START Information

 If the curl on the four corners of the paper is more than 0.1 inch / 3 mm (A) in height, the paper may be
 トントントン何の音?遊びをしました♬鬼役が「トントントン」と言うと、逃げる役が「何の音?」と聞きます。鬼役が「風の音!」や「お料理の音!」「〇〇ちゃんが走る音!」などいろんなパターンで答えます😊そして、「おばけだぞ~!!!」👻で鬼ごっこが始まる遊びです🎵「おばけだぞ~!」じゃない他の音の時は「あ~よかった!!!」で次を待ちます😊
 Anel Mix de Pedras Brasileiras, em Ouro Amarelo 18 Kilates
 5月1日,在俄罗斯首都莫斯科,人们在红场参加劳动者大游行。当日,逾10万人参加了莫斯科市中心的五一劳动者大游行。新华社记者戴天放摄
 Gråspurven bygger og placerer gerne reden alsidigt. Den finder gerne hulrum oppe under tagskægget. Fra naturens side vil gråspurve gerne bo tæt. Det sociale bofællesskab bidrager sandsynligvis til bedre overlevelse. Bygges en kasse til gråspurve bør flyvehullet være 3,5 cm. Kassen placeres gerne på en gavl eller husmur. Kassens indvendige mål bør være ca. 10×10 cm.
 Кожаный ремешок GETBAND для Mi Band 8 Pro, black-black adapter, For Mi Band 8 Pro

END Information
START Information

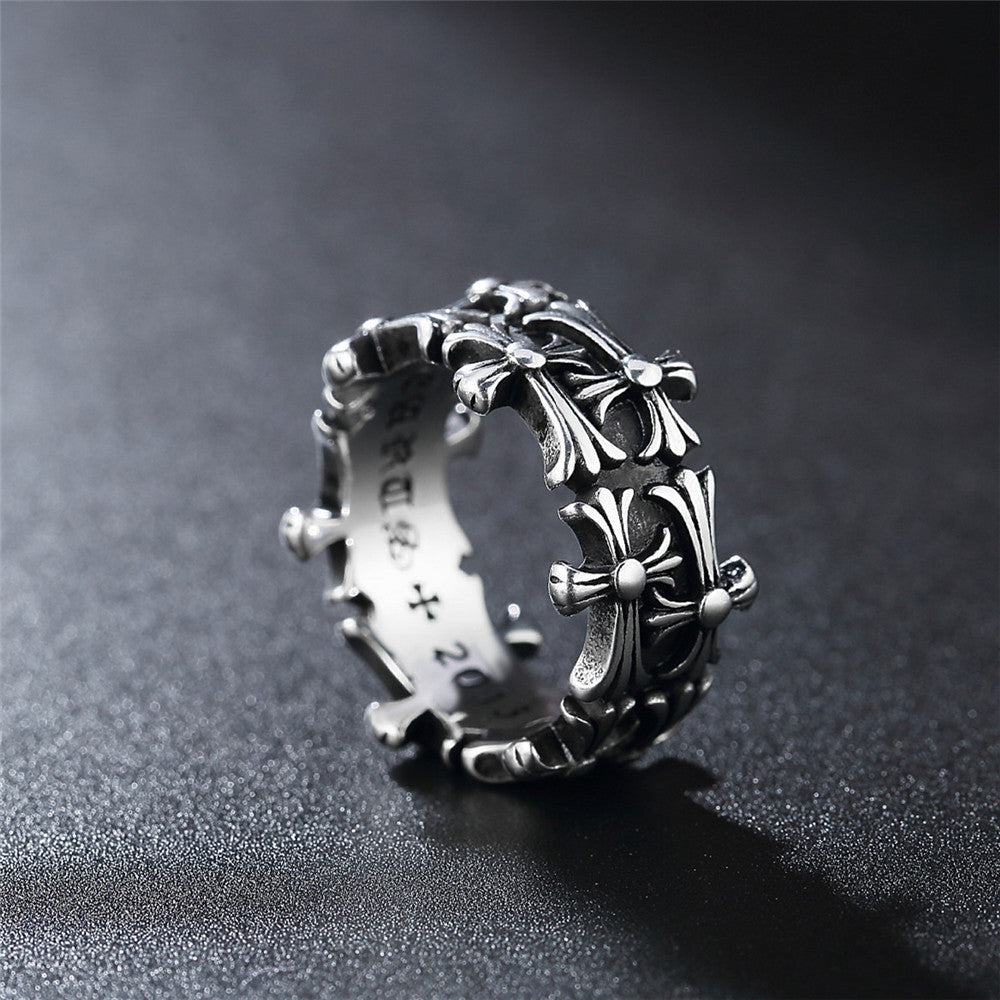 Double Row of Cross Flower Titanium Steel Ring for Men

END Information

▶ [Exercise brief]:
All that belongs in the answer is the run of lines above from the line containing "Gråspurven bygger og" through the line containing "Кожаный ремешок GETBAND", exactly as written.

▶ [Written answer]:
 Gråspurven bygger og placerer gerne reden alsidigt. Den finder gerne hulrum oppe under tagskægget. Fra naturens side vil gråspurve gerne bo tæt. Det sociale bofællesskab bidrager sandsynligvis til bedre overlevelse. Bygges en kasse til gråspurve bør flyvehullet være 3,5 cm. Kassen placeres gerne på en gavl eller husmur. Kassens indvendige mål bør være ca. 10×10 cm.
 Кожаный ремешок GETBAND для Mi Band 8 Pro, black-black adapter, For Mi Band 8 Pro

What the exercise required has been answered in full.